Dari segi aturan pun masih ada beberapa tantangan yang perlu diselesaikan secara bersama. Namun, pendekatan yang dipakai oleh regulator yang menangani startup fintech cukup bagus untuk menyeimbangkan inovasi dengan regulasi. Seperti yang dipakai Bank Indonesia dengan menghadirkan BI Fintech Office dan meluncurkan aturan regulatory sandbox.

Proyeksi tahun depan

Menurut Rama, tahun depan akan kembali menjadi tahunnya fintech. Masih banyak sektor fintech yang memiliki ruang untuk dikembangkan, selain pembayaran. Secara industri keuangan, pemain incumbent lebih terbuka untuk berkolaborasi dengan startup fintech. Sehingga diperkirakan tahun depan akan semakin banyak pengumuman kolaborasi bisnis.
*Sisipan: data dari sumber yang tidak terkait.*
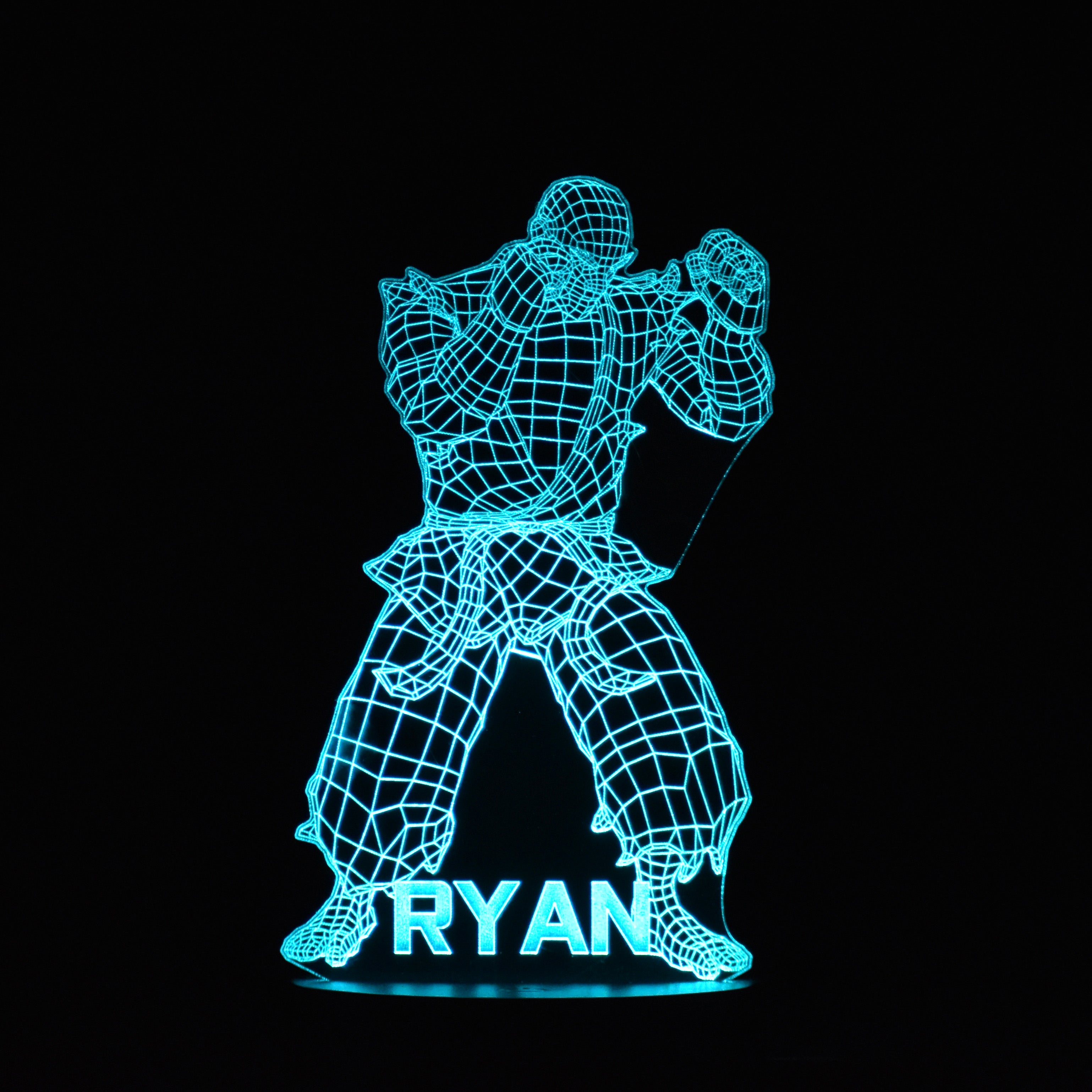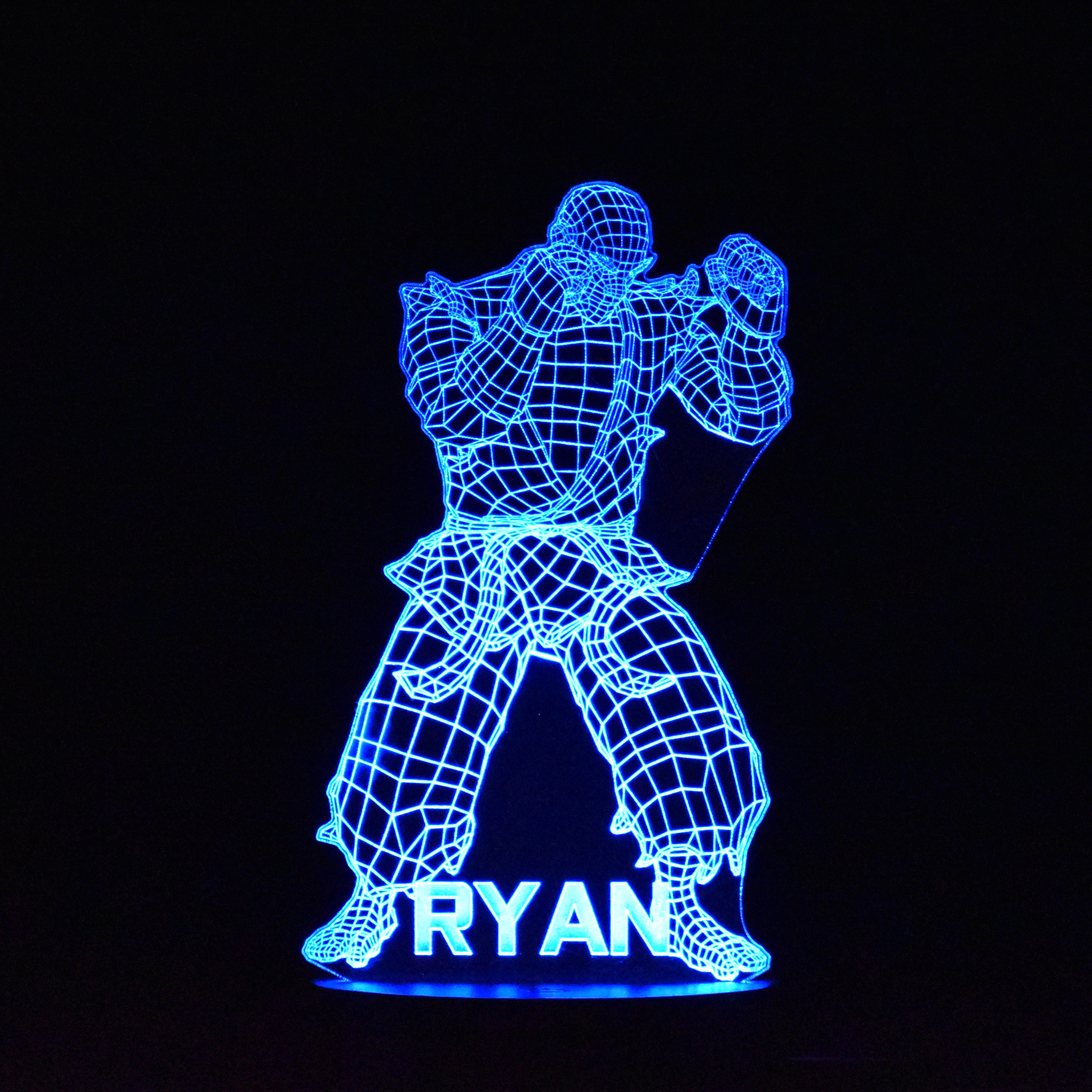 This arcade fighter design laser engraved night light is perfect for lighting any room. It has 16 colour options & different light modes that can be selected using the included remote control. The high quality tough clear acrylic is cut & engraved with our precision laser machine & lit with a circular LED base that can be powered by the micro USB cable included or with 3x AA batteries (not included).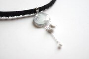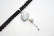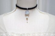銀箔と淡水パールを沈めたスライスアゲートのようなレジンを、ベルベットリボンにタティングレースで装飾を施したチョーカーに仕上げました。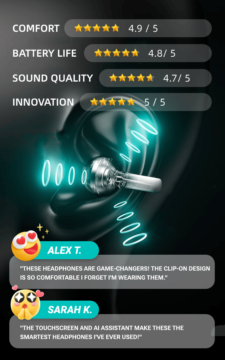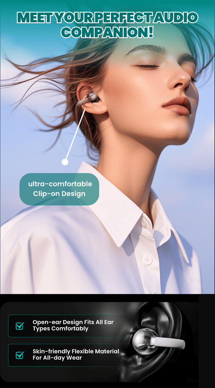 These open-ear clip headphones are awesome! They are very comfortable to wear and do not put pressure on the ears like in-ear headphones. Even if you wear them for a long time, your ears will not feel uncomfortable.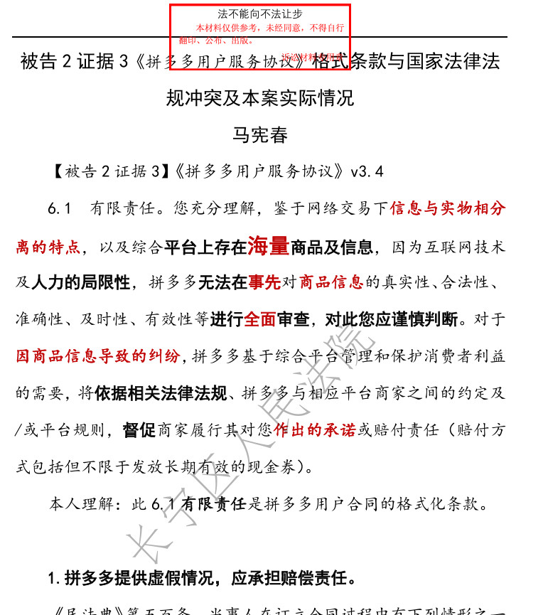 37. 《拼多多用户服务协议》形式上不是合法证据;内容有虚假宣传且违背国家法律法规的情况;拼多多出生即有过错

Bagi startup media, tahun depan hingga 2019 adalah tahun politik karena ada pilkada dan pilpres. Tentunya kondisi ini akan berdampak pada pemberitaan banyak media. Banyaknya startup media yang mendapat investasi pada tahun ini, diperkirakan adalah bentuk persiapan para investor.

Startup sektor lainnya seperti healthtech, perlahan-lahan mulai memperoleh perhatian. Terlihat dari mulai banyaknya startup yang mendapat investasi karena adopsinya yang mulai tinggi. Dari segi regulasinya, kemungkinan besar akan lebih kompleks daripada fintech karena ini kaitannya dengan nyawa.